You may think this is all irrelevant and will narrow your field so completely that you'll miss most of your potential candidates but what you are really doing is increasing your efficiency and sticking to your cultural values. Say you need to hire a new estate agent for your team, for example: are you a 'family values' business or are you aiming for a swanky, boutique feel? For the first, you might put up posters in the local park or family-friendly cafe, for the latter you might ask to leave brochures in a fashionable clothing store. 


Once you've spent at least 20 minutes scribbling ideas on an A4 piece of paper, see if any of these resources might be a way to reach out to that perfect candidate:

  • Ask your employees if they know anyone, or their friends know anyone, or their kids know anyone. If each employee roughly knows a few hundred people in the area and you have more than one employee, then friends' of their friends would be a circle of thousands of potential referees. Simple but surprisingly underutilized,
  • Gumtree - for trades or uni student roles in particular, usually so cheap that it's always worthwhile,
  • Local media - not TV, I'm talking school or church newsletters, cafe or gym bulletin boards, even a local market stall,
  • Client email update or your business' Facebook page - even if you don't get any referrals, phrased correctly, it's an advert of your business itself because the traits you are looking for should be why your customers use you, 
  • School career advisor - if you need a weekend casual or junior, I strongly recommend contacting the local schools to see if you can spend 5 minutes in one of their assemblies outlining why your business rocks and what type of stella employee you are after. You'll be surprised how enthusiastic most schools are, especially near the end of a school year. 
  • Consider holding a free seminar or open evening and inviting local professionals to network, mingle, have a beer, and obviously at some point in the evening make sure it's clear (but not tacky) that you have a position to fill. Please make sure the evening reflects your business: there's no point creating an illusion and attracting the wrong sort of people, 
  • Facebook! I highly recommend that you have a play with Facebook ad manager (use the boosted post function) and search for your perfect candidate using their extremely fine-tunable parameters. It's scary how much information they have on people, you may as well use it to your advantage. And you can set the budget as low as you like. 

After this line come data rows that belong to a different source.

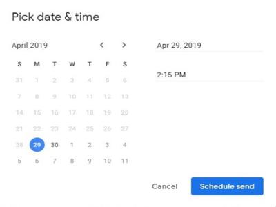 क्लिक केल्यानंतर एक कॅलेंडर ओपन होईल. जिथे डेट आणि टाईम निवडण्याचा पर्याय देण्यात आलेला आहे. त्यानंतर वेळ निवडून आपण मेल शेड्यूल करू शकतो.
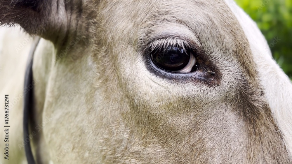 Close up to eye of cute gray cow at lawn. Sight of a friendly mammal animal at countryside. Profile of beautiful kine grazing outdoor. Cattle on pasture. Concept of livestock husbandry #1766731291
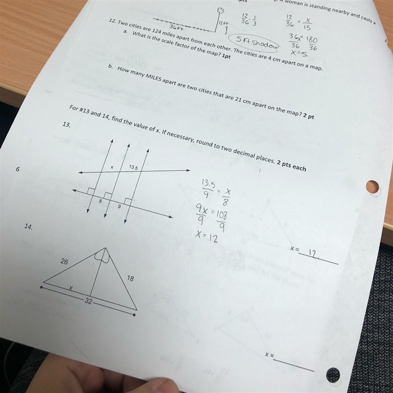 (13.5/9)=(x/8)--------------> x=(13.5/9)*8-----------> x=12 units
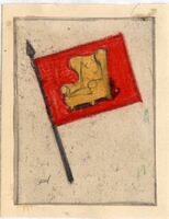 La Oca y los extremeños se tocan Sobre un fondo claro y en posición inclinada se toma como motivo principal en este dibujo enmarcado una bandera con su tela de fondo rojo y un sofá amarillo dibujado en el centro. Hacia la derecha inferior se vislumbra el boceto de la firma del pintorBoceto realizado para la ilustración de la revista semanal Novelas y Cuentos. Titulo: La Oca y los extremeños se tocan. Autor: Pedro Muñoz Seca. Nº publicado: 959. Fecha: 25-09-1949. Tomo NC. 5
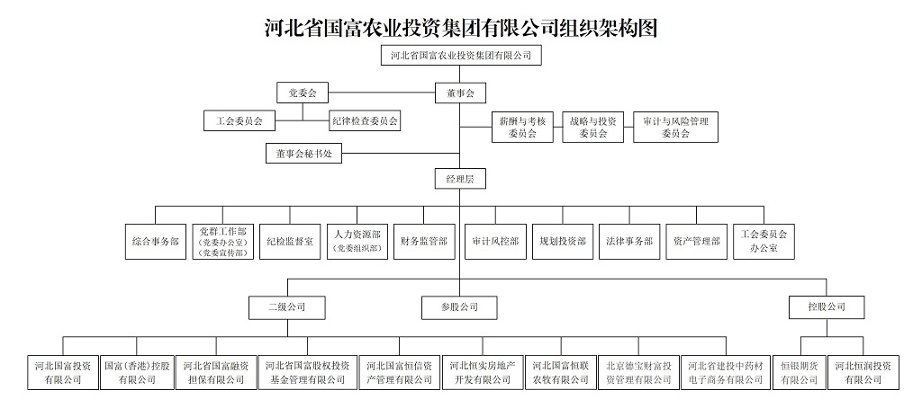 河北省國(guó)富農(nóng)業(yè)投資集團(tuán)有限公司成立于1992年,前身為河北省經(jīng)濟(jì)開(kāi)發(fā)投資公司。2001年11月,經(jīng)河北省人民政府批準(zhǔn),重組設(shè)立為河北省國(guó)富農(nóng)業(yè)投資集團(tuán)有限公司,注冊(cè)資本3.34億元。2017年3月,按照省政府安排全面劃轉(zhuǎn)至省國(guó)資委管理,是河北省國(guó)資委授權(quán)的競(jìng)爭(zhēng)類國(guó)有資產(chǎn)授權(quán)經(jīng)營(yíng)機(jī)構(gòu)。2024年7月,經(jīng)省委、省政府同意,省國(guó)資委決定將河北國(guó)富投資劃轉(zhuǎn)至河北建投集團(tuán)管理。
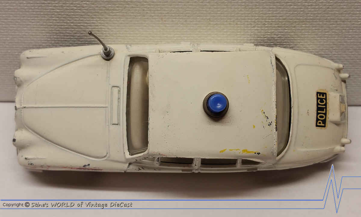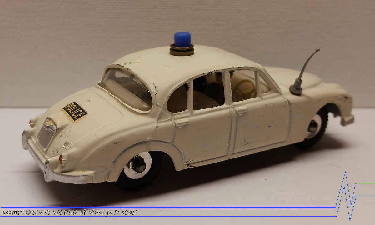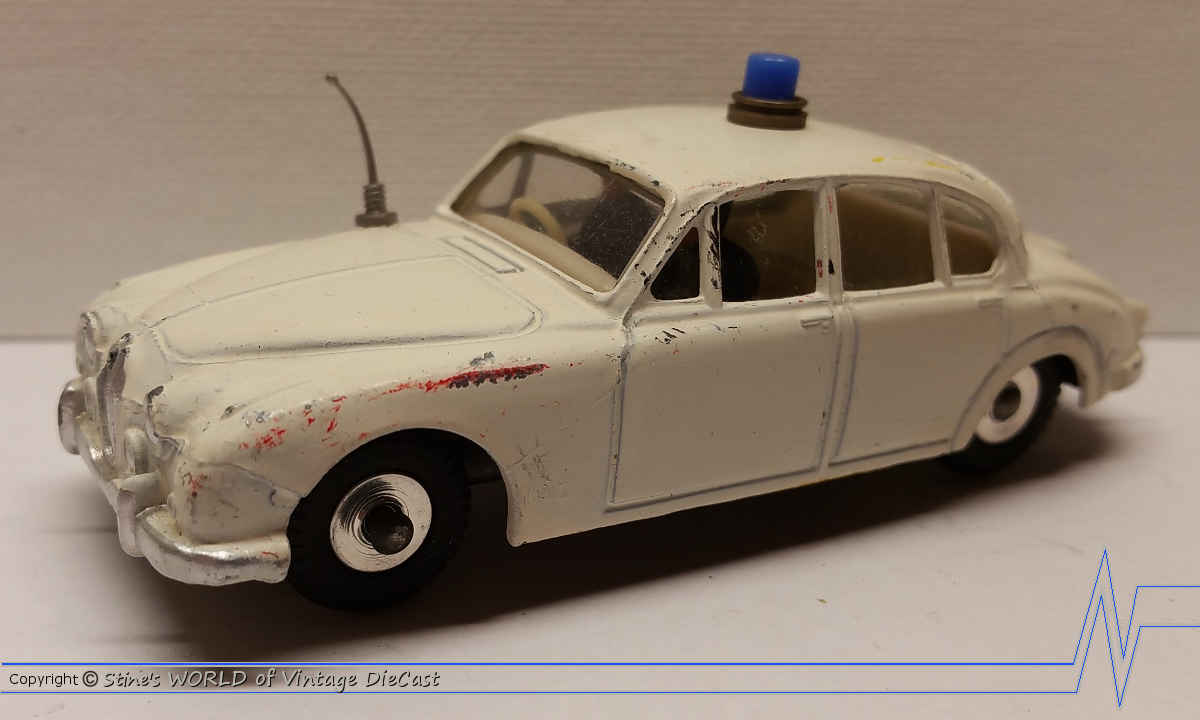 The Jaguar Motorway Police Car was introduced in 1962 as a police car. The model came in a white body with blue siren, plastic antenna and spun hubs.
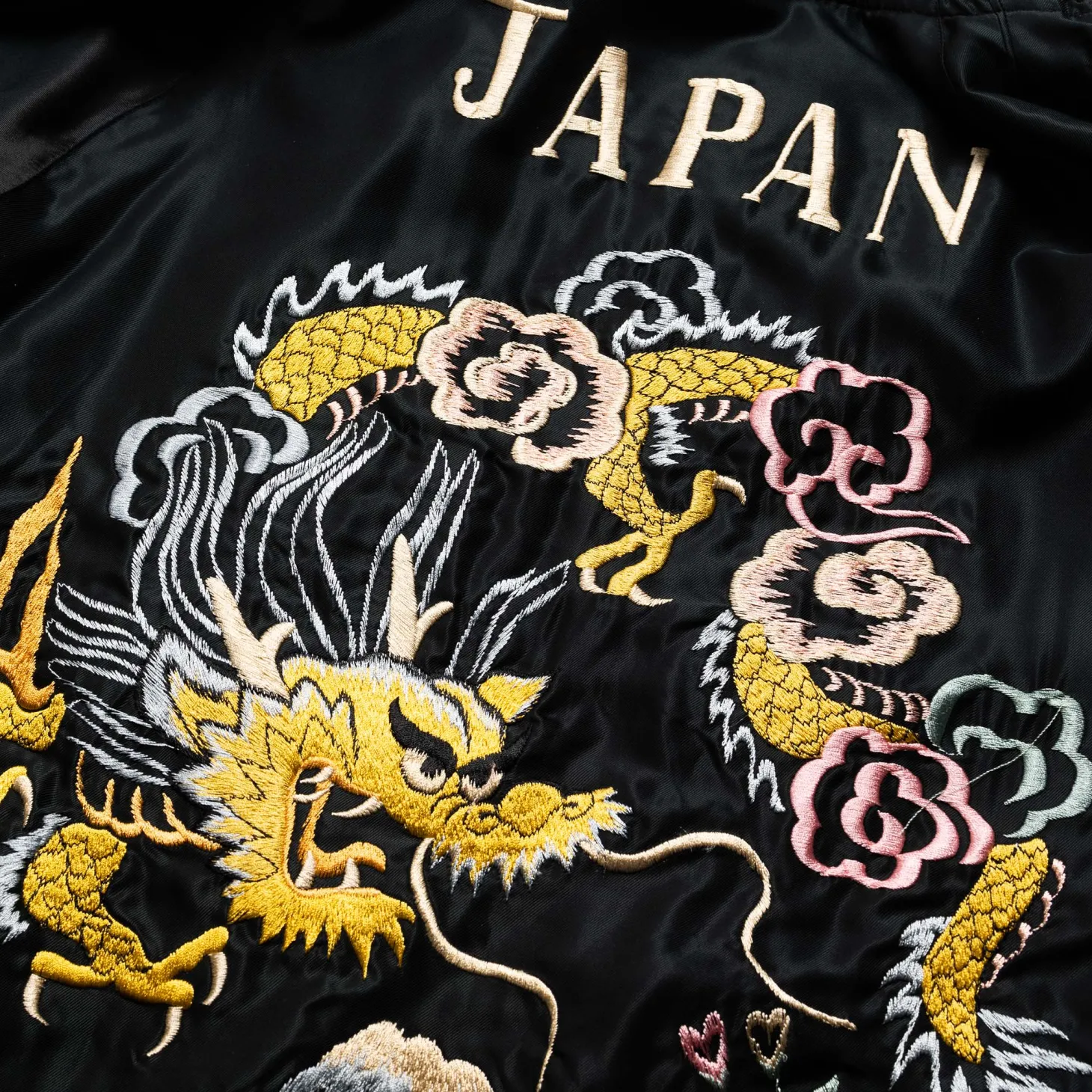 The roots of the Souvenir Jacket, or Sukajan in Japanese, can be traced back to American soldiers stationed in the Pacific following the end of World War II During the post-war occupation, American troops began using traditional Japanese designs and hand-stitching them into the backs of their jackets to commemorate their time in Japan Popular designs included Japanese (and Chinese) style dragons, cherry blossoms and trees Some would also opt for artwork that could have ranged from local maps to Geisha girls These pieces would often use rayon and silk

Above all, be creative. It might take more leg work but an ad online can set you back $300 and won't show your business' personality half as well. 

Of course, all this goes hand in hand with knowing what type of employee you want, so three guesses what I'm writing about next week?

PS. If you are still tempted by a regular old online ad, remember: businesses generally get the staff they deserve. If you think you deserve brilliant, committed and sincere staff then start by being brilliant, committed and sincere in your hiring process.